在某些情况下,您可以通过Google财经API获取数据.
In that certain case you can get the data via Google Finance API.
方法1.
要发出请求,您必须知道股票代码,可以在网页HTML内容或e中轻松找到该股票代码. G.如果单击CAC 40,则在打开的页面中将显示标题CAC 40(INDEXEURO:PX1).
To make the request you have to know stock symbols, which could be easily find within webpage HTML content, or e. g. if you click on CAC 40, in opened page there will be a title CAC 40 (INDEXEURO:PX1).
该页面的世界市场"表中有以下股票和证券交易所代码:
There are the following stock and stock exchange symbols in the World markets table on that page:
Shanghai SHA:000001
S&P 500 INDEXSP:.INX
Nikkei 225 INDEXNIKKEI:NI225
Hang Seng Index INDEXHANGSENG:HSI
TSEC TPE:TAIEX
EURO STOXX 50 INDEXSTOXX:SX5E
CAC 40 INDEXEURO:PX1
S&P TSX INDEXTSI:OSPTX
S&P/ASX 200 INDEXASX:XJO
BSE Sensex INDEXBOM:SENSEX
SMI INDEXSWX:SMI
ATX INDEXVIE:ATX
IBOVESPA INDEXBVMF:IBOV
SET INDEXBKK:SET
BIST100 INDEXIST:XU100
IBEX INDEXBME:IB
WIG WSE:WIG
TASI TADAWUL:TASI
MERVAL BCBA:IAR
IPC INDEXBMV:ME
IDX Composite IDX:COMPOSITE
将其放入网址:
The response contains JSON data, like this:
[
{
"id": "7521596",
"t": "000001",
"e": "SHA",
"l": "3,222.51",
"l_fix": "3222.51",
"l_cur": "CN¥3,222.51",
"s": "0",
"ltt": "3:01PM GMT+8",
"lt": "Mar 31, 3:01PM GMT+8",
"lt_dts": "2017-03-31T15:01:15Z",
"c": "+12.28",
"c_fix": "12.28",
"cp": "0.38",
"cp_fix": "0.38",
"ccol": "chg",
"pcls_fix": "3210.2368"
},
...
]
您可以使用下面的VBA代码解析响应并输出结果.它要求将 JSON.bas 模块导入到VBA项目中以进行JSON处理.>
You may use the below VBA code to parse response and output result.
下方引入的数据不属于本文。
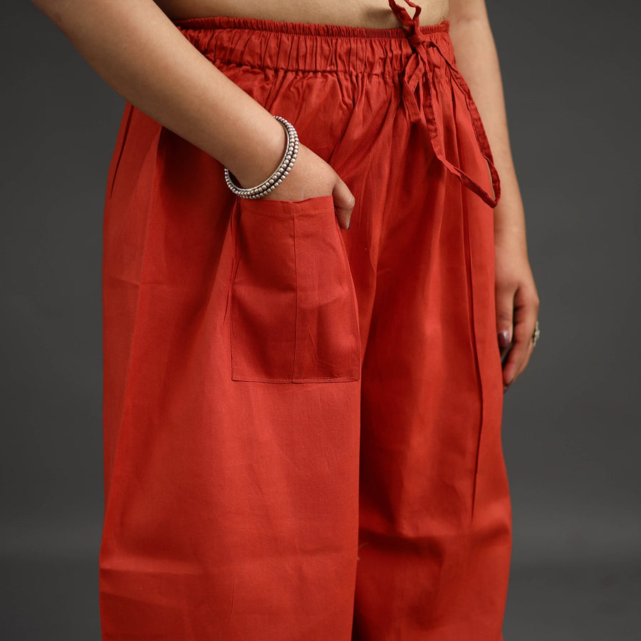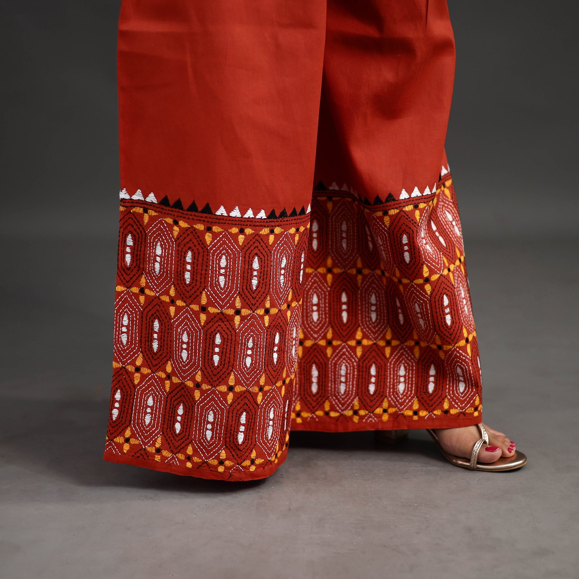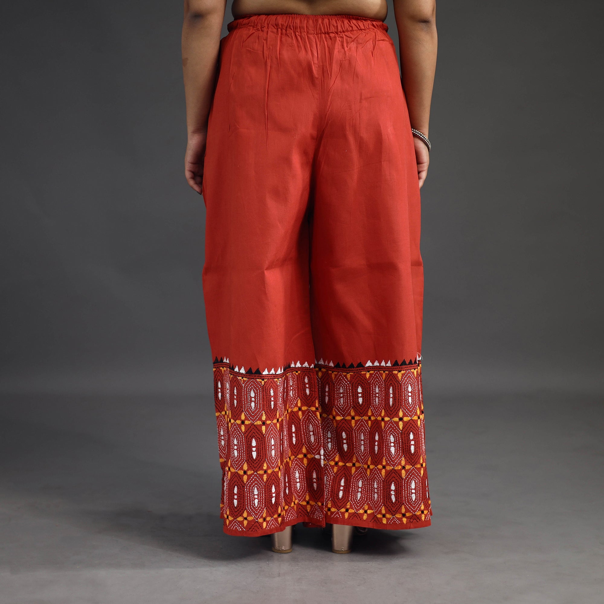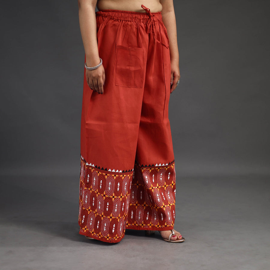 Experience comfort and style with our orange bengal cotton kantha hand embroidery palazzo. This palazzo is designed with traditional patterns and has been hand embroidered using West Bengal traditional craft technique of Kantha. The intricate Kantha embroidery adds a touch of elegance and sophistication to your outfit while the wide leg design ensures comfort making it perfect for all day wear.

It requires JSON.bas module to be imported to VBA project for JSON processing.
Sub GoogleFinanceData()
Dim sJSONString As String
Dim vJSON As Variant
Dim sState As String
Dim aData()
Dim aHeader()
' Retrieve Google Finance data
With CreateObject("MSXML2.XMLHTTP")
.Open "GET", "http://finance.google.com/finance/info?q=SHA:000001,INDEXSP:.INX,INDEXNIKKEI:NI225,INDEXHANGSENG:HSI,TPE:TAIEX,INDEXSTOXX:SX5E,INDEXEURO:PX1,INDEXTSI:OSPTX,INDEXASX:XJO,INDEXBOM:SENSEX,INDEXSWX:SMI,INDEXVIE:ATX,INDEXBVMF:IBOV,INDEXBKK:SET,INDEXIST:XU100,INDEXBME:IB,WSE:WIG,TADAWUL:TASI,BCBA:IAR,INDEXBMV:ME,IDX:COMPOSITE", False
.Send
If .Status <> 200 Then Exit Sub
sJSONString = .responseText
End With
' Trim extraneous chars
sJSONString = Mid(sJSONString, InStr(sJSONString, "["))
' Parse JSON string
JSON.Parse sJSONString, vJSON, sState
If sState = "Error" Then Exit Sub
' Convert to table format
JSON.ToArray vJSON, aData, aHeader
' Results output
With Sheets(1)
.Cells.Delete
.Cells.WrapText = False
If UBound(aHeader) >= 0 Then OutputArray .Cells(1, 1), aHeader
Output2DArray .Cells(2, 1), aData
.Columns.AutoFit
End With
End Sub
Sub OutputArray(oDstRng As Range, aCells As Variant)
With oDstRng
.Parent.Select
With .Resize(1, UBound(aCells) - LBound(aCells) + 1)
.NumberFormat = "@"
.Value = aCells
End With
End With
End Sub
Sub Output2DArray(oDstRng As Range, aCells As Variant)
With oDstRng
.Parent.Select
With .Resize( _
UBound(aCells, 1) - LBound(aCells, 1) + 1, _
UBound(aCells, 2) - LBound(aCells, 2) + 1)
.NumberFormat = "@"
.Value = aCells
End With
End With
End Sub
因此,您需要的数据位于l_fix
,c_fix
,cp_fix
列中.
As a result the data you need is located in l_fix
, c_fix
, cp_fix
columns.
方法2.
此外,您还可以通过类似于CAC 40的URL来制作XHR:
Also you can make XHR by the URL like this one for CAC 40:
https://www.google.co.uk/finance/getprices?q=PX1&x=INDEXEURO&i=120&p=20m&f=d,c,v ,o,h,l
尤其是URL用于PX1股票和INDEXEURO股票交易所代码,间隔120秒,周期20分钟,响应数据d,c,v,o,h,l用于DATE(UNIX时间戳),CLOSE,VOLUME,OPEN ,高,低.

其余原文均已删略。